*PROBLEM DESCRIPTION*: From the material below, reproduce exactly the stretch of lines that begins with the line holding "This paper investigates the existence" and ends with the line holding "Izdaje se lep", skipping the pictures.

*AVAILABLE DATA*:
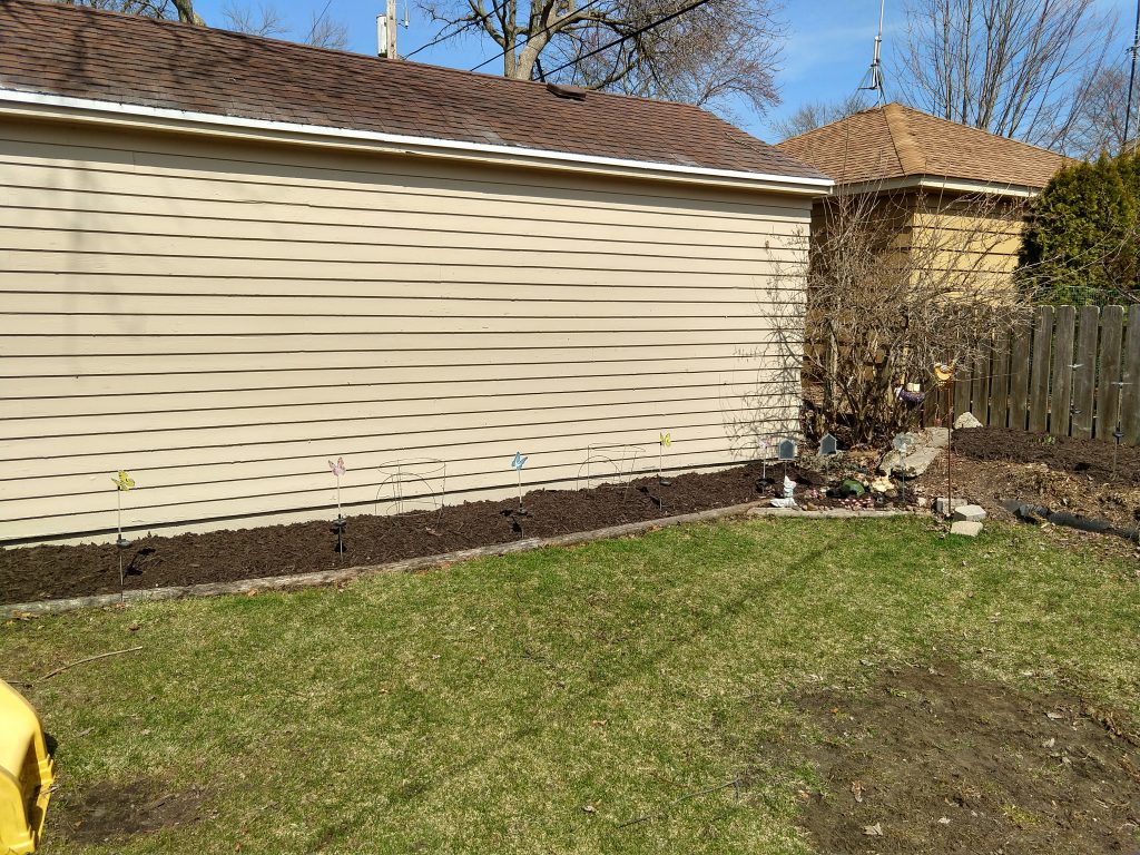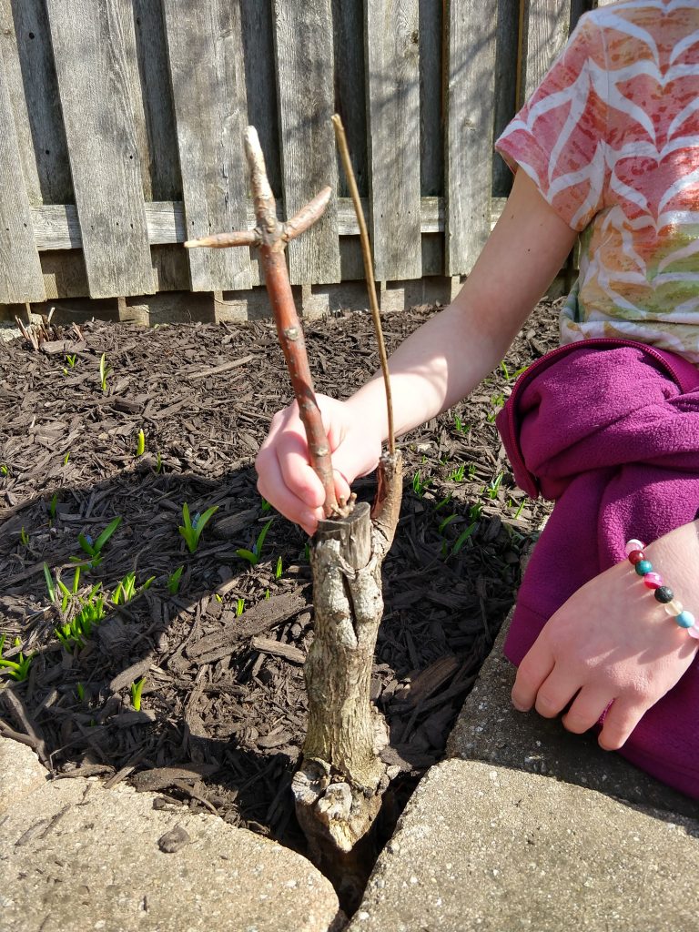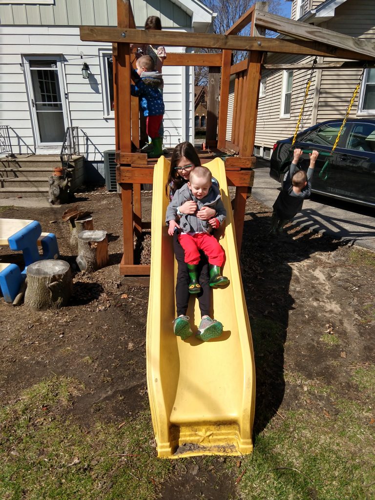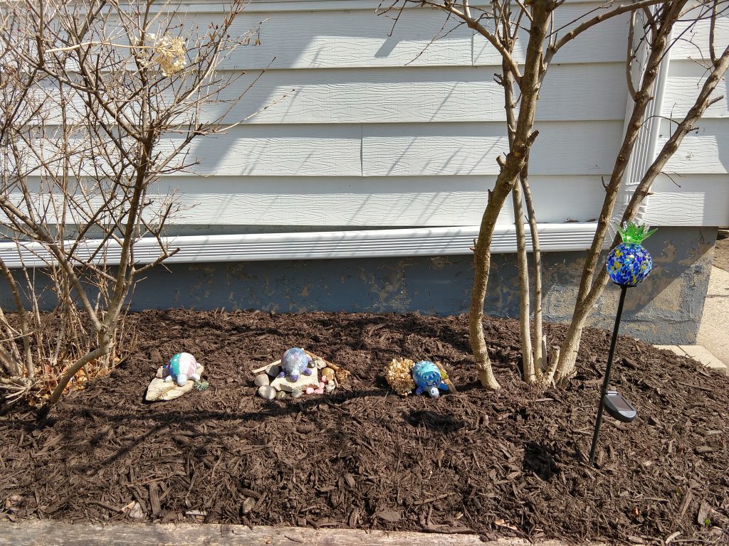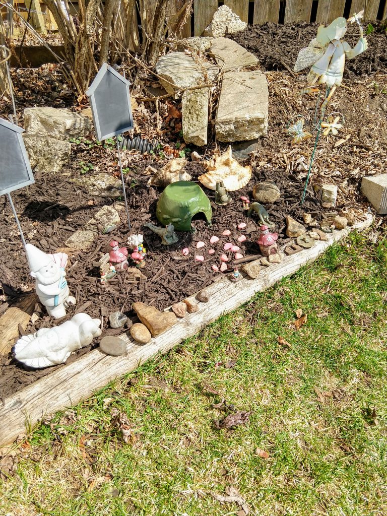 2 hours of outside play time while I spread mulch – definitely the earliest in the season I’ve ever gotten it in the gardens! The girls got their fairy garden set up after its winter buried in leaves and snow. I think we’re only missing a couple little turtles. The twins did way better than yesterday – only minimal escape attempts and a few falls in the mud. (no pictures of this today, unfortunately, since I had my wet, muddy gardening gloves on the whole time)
==
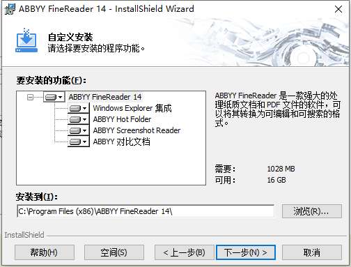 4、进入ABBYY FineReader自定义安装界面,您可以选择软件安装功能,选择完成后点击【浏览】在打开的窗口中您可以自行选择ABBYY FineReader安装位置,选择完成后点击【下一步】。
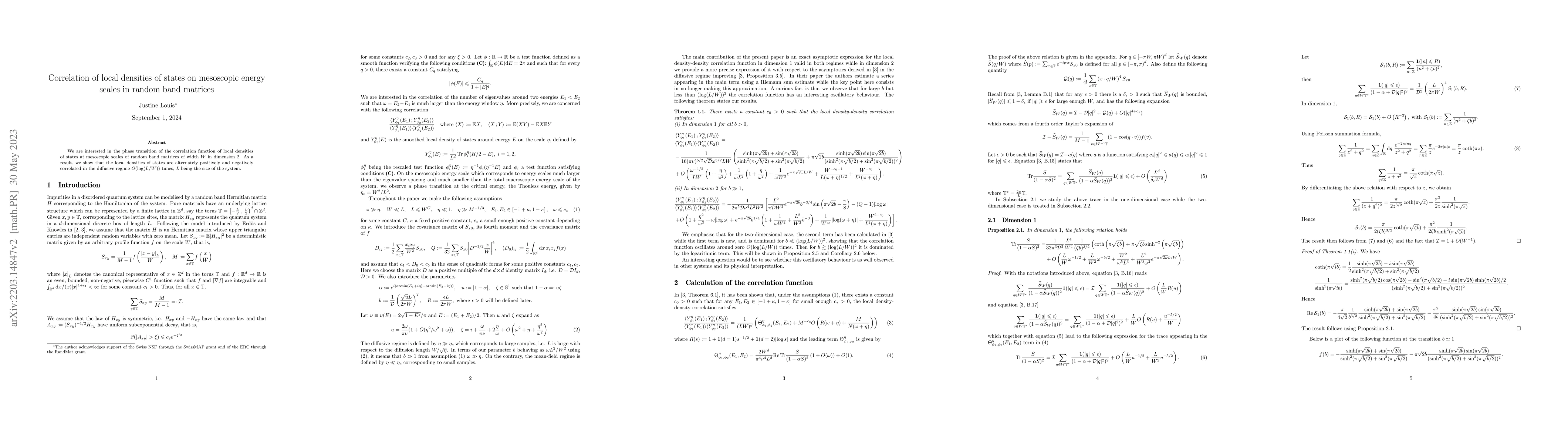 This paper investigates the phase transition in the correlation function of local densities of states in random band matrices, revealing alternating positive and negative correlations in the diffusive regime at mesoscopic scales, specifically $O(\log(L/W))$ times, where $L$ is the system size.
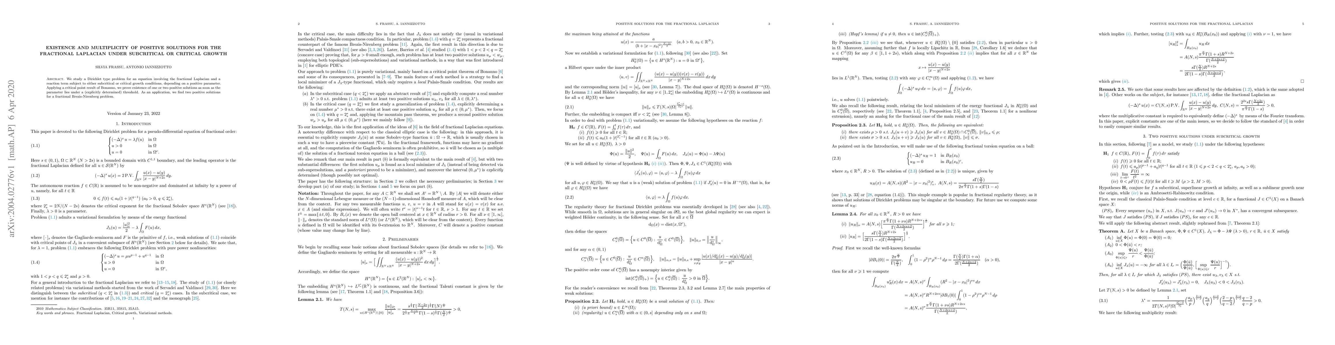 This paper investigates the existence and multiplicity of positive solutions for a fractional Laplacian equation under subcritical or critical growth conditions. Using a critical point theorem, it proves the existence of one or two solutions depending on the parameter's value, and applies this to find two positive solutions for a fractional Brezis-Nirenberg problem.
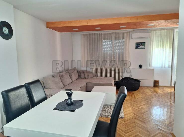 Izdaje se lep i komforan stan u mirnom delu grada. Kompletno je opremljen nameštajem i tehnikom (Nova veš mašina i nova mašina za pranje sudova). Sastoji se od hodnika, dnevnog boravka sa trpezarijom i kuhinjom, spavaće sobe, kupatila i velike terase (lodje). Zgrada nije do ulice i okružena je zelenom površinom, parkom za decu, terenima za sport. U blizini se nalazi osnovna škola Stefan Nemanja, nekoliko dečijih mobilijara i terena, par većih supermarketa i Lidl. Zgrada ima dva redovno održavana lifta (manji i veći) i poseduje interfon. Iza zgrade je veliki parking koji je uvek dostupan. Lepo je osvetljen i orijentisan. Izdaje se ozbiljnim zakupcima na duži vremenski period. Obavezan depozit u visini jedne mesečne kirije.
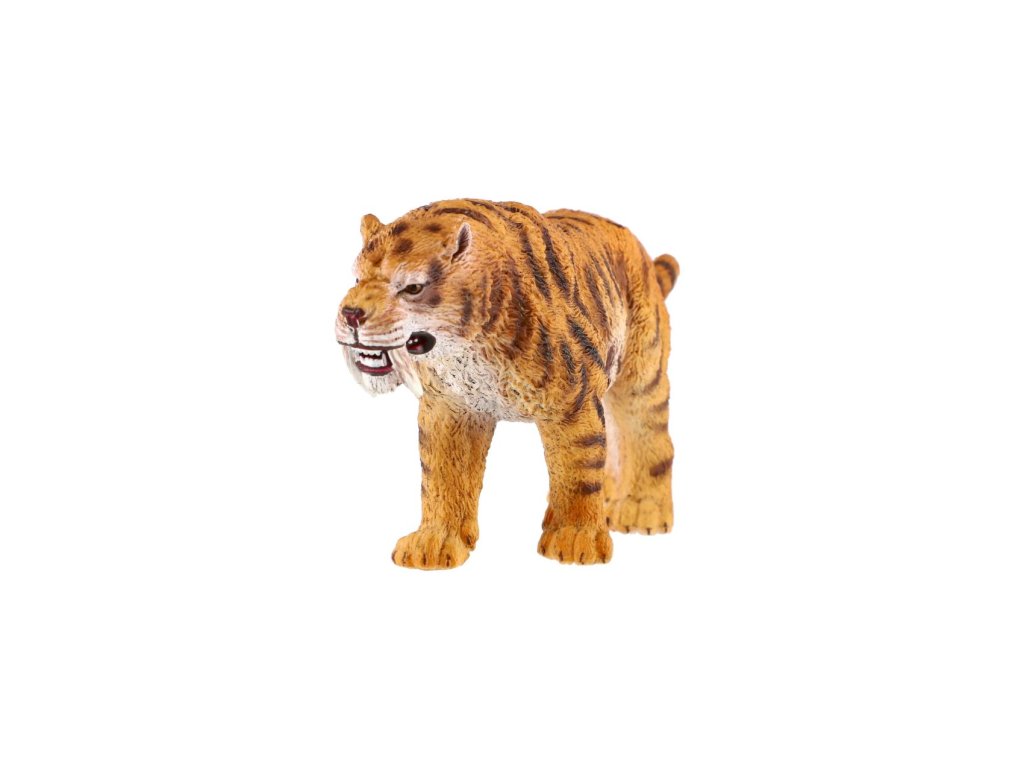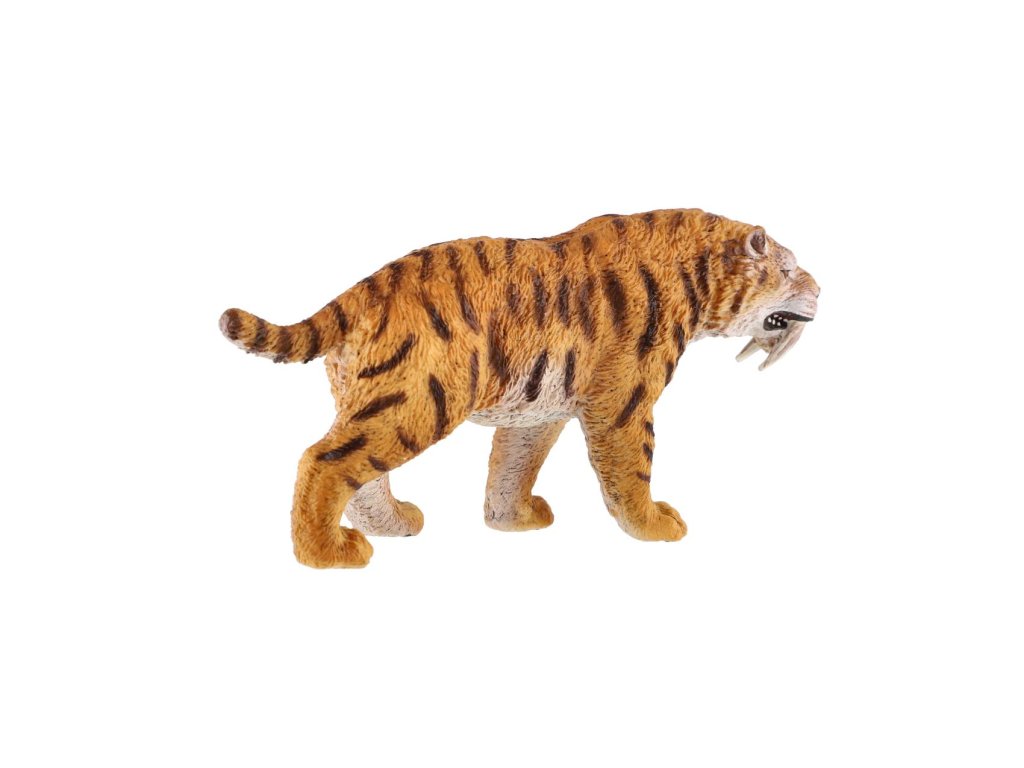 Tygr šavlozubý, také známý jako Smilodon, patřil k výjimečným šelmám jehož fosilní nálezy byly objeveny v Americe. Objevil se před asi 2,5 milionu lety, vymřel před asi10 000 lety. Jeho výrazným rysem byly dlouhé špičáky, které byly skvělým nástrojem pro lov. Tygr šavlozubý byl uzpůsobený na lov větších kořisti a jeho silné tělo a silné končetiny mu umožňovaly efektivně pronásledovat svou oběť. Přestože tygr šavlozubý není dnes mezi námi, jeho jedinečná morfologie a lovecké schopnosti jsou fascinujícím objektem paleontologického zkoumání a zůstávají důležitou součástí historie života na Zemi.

*EXERCISE RESPONSE*:
 This paper investigates the existence and multiplicity of positive solutions for a fractional Laplacian equation under subcritical or critical growth conditions. Using a critical point theorem, it proves the existence of one or two solutions depending on the parameter's value, and applies this to find two positive solutions for a fractional Brezis-Nirenberg problem.
 Izdaje se lep i komforan stan u mirnom delu grada. Kompletno je opremljen nameštajem i tehnikom (Nova veš mašina i nova mašina za pranje sudova). Sastoji se od hodnika, dnevnog boravka sa trpezarijom i kuhinjom, spavaće sobe, kupatila i velike terase (lodje). Zgrada nije do ulice i okružena je zelenom površinom, parkom za decu, terenima za sport. U blizini se nalazi osnovna škola Stefan Nemanja, nekoliko dečijih mobilijara i terena, par većih supermarketa i Lidl. Zgrada ima dva redovno održavana lifta (manji i veći) i poseduje interfon. Iza zgrade je veliki parking koji je uvek dostupan. Lepo je osvetljen i orijentisan. Izdaje se ozbiljnim zakupcima na duži vremenski period. Obavezan depozit u visini jedne mesečne kirije.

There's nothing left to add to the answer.